TASK TO CARRY OUT:
The material below is to be copied exactly from the line with "2010 gunmetal silver" up to and including the line with "Al abrir una", with nothing else kept and no pictures.

SUPPLIED INFORMATION:
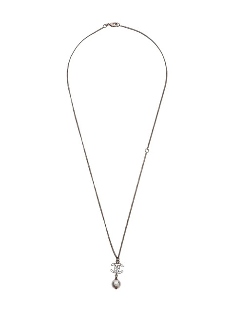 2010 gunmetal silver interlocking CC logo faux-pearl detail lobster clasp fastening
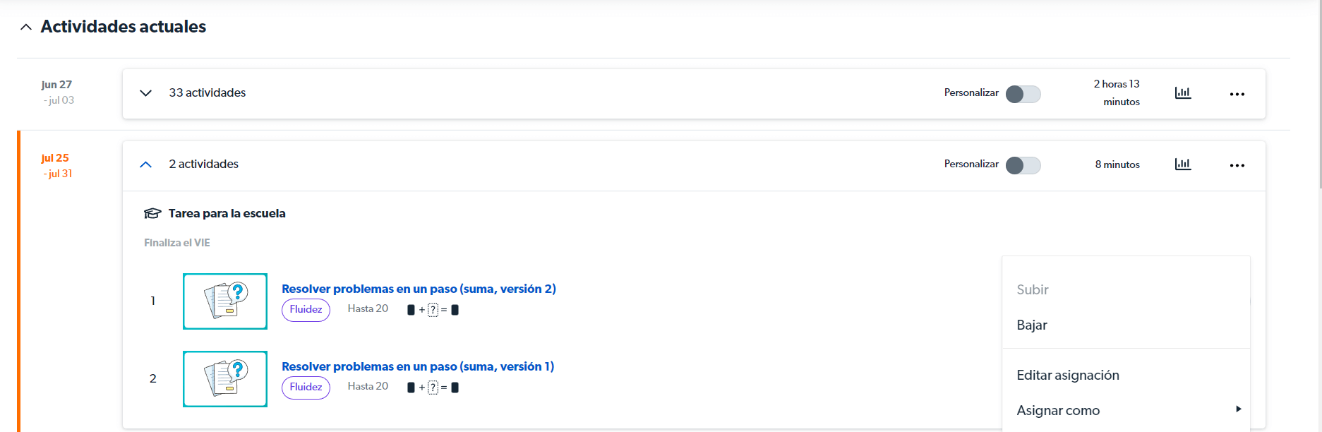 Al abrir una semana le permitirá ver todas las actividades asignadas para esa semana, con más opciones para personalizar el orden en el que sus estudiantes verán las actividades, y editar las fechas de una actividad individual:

---

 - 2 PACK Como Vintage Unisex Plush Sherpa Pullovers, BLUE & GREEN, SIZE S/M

ANSWER TO THE PROBLEM:
 2010 gunmetal silver interlocking CC logo faux-pearl detail lobster clasp fastening
 Al abrir una semana le permitirá ver todas las actividades asignadas para esa semana, con más opciones para personalizar el orden en el que sus estudiantes verán las actividades, y editar las fechas de una actividad individual:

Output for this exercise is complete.